TAMPA, Fla — Despite omicron likely being in the U.S. already, the race to contain the new variant is on.
"We do all we can to stop a large entry of the variants," Mathematical Modeler Dr. Edwin Michael said.
The nation's split decision on travel restrictions buys the country time.
"You want to prevent a large entry or spread of those cases, so in that sense, it makes sense to step in quickly and try and prevent large spread," Michael said.
More than 200 cases of this new variant have turned up in 20 countries so far.
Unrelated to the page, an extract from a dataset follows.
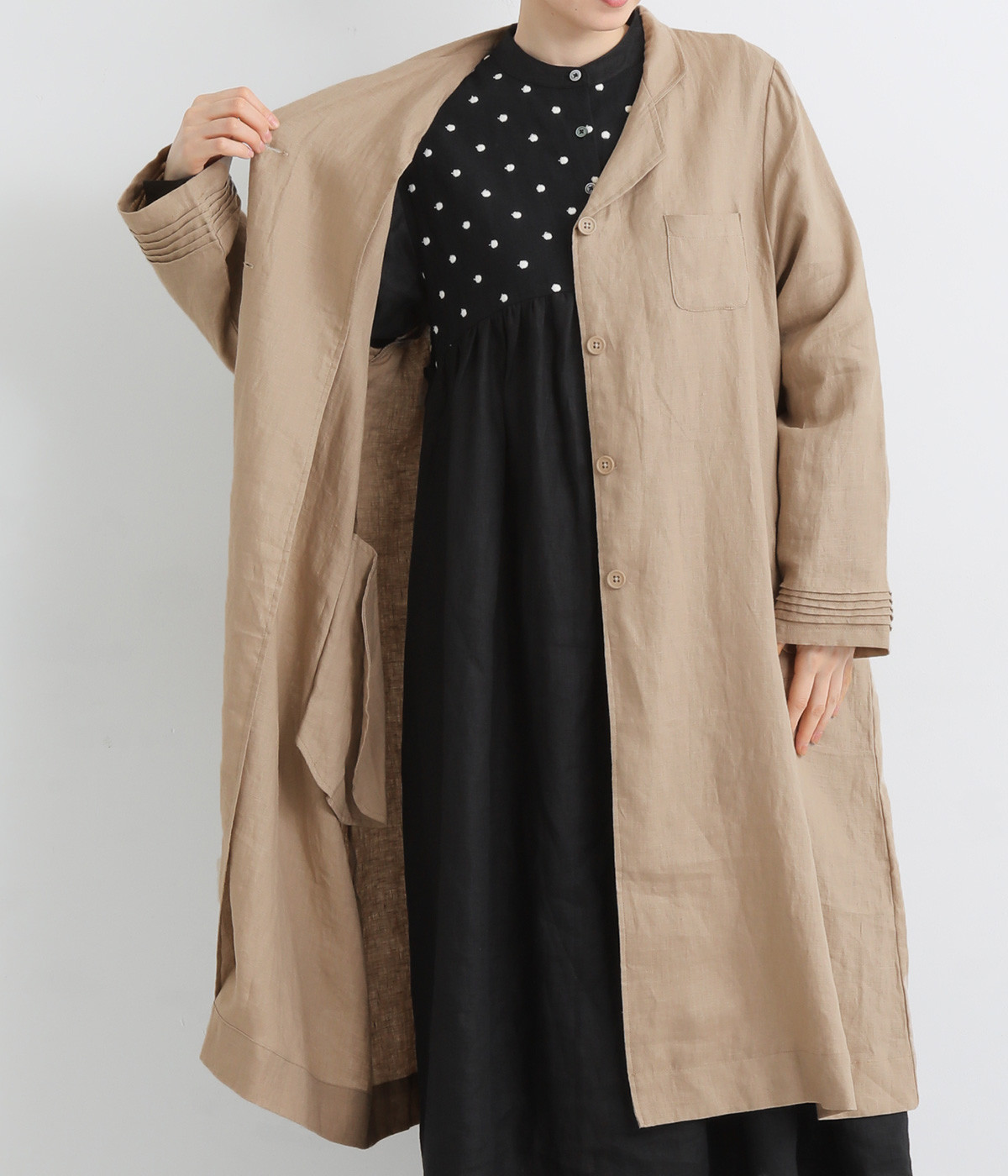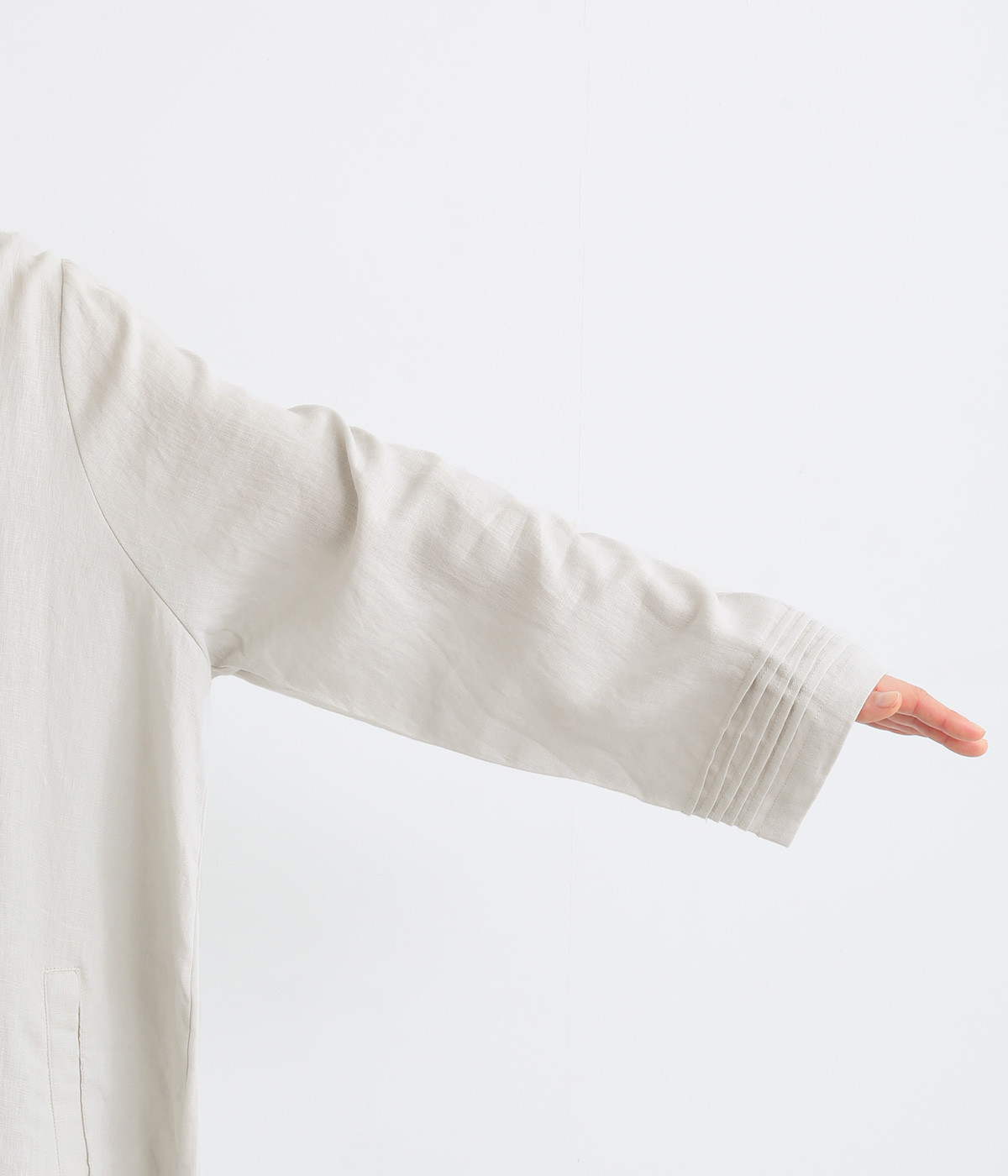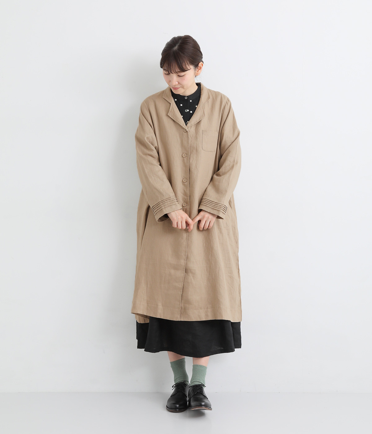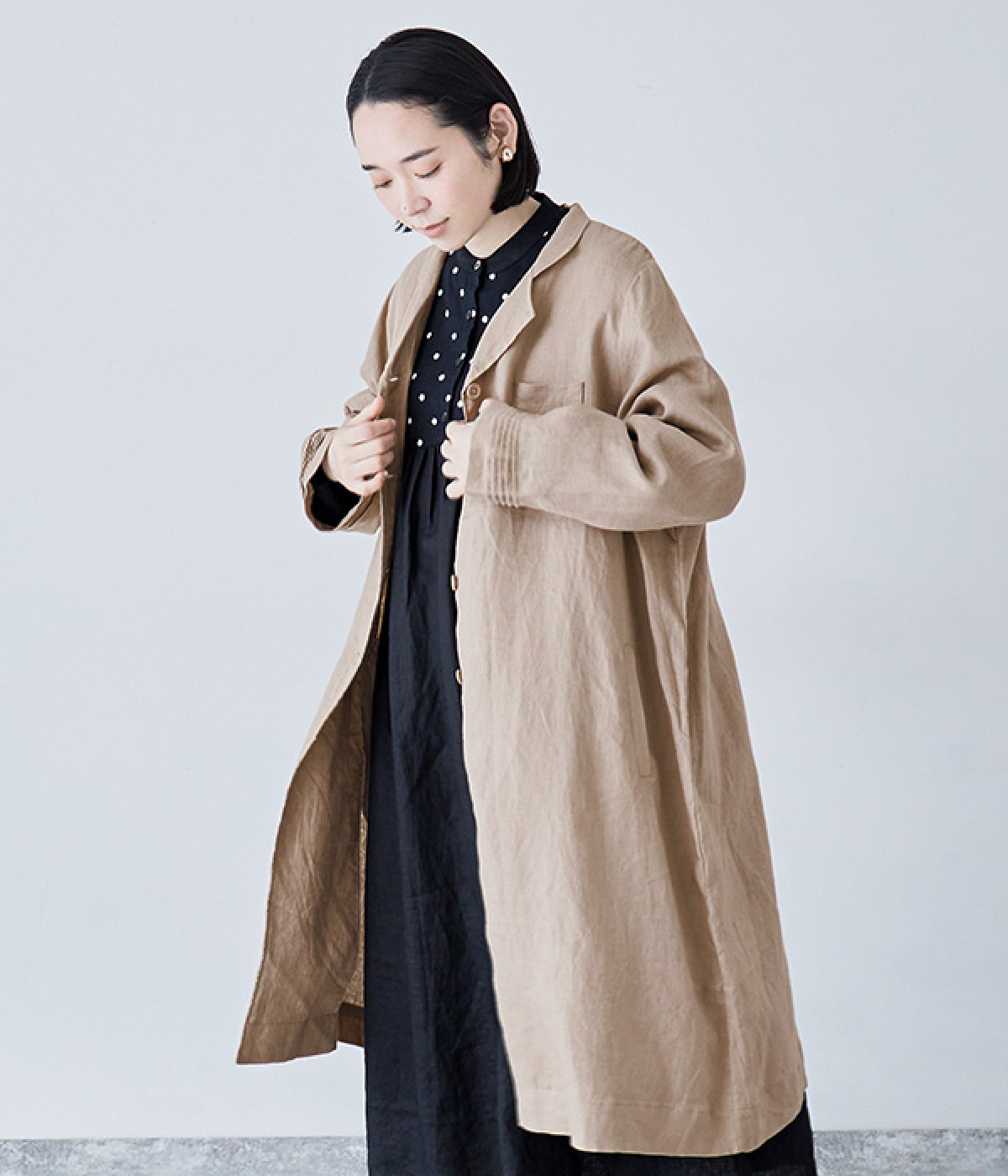 大人っぽく着られるロング丈のゆったりとしたコート。小さめの襟から裾にかけて広がる、きれいなAラインシルエットです。袖にはピンタックを施し、さりげないアクセントを添えています。後ろ裾には深めのスリット入りで、足さばきも軽快。

While the U.S. tries to build up its COVID-19 surveillance system, Michael says the way the virus spreads will depend on its transmissibility, how long our immunity from vaccines lasts, and if people get their booster shot.
"If it's like 10 percent more transmissible than Delta, then that's not going to make a big impact. If it gets to 25 percent and 50 percent, then we have to be careful. It will interact with the waning of immunity and the fact that the vaccines are not going to be as effective, so you're going to get more breakthrough infections," Michael said.
Taking a deeper dive into the data for Florida, forecasts show a fourth wave of cases if vaccine immunity wanes and omicron is more transmissible.
"If you get a more transmissible wave in coming in, you'll get this larger resurgence. Those large resurgences can affect hospital capacity, so we're not out of the woods," Michael said.
So right now it's a waiting game and travel will have an impact with Florida being a "high risk" state due to an influx of international travelers.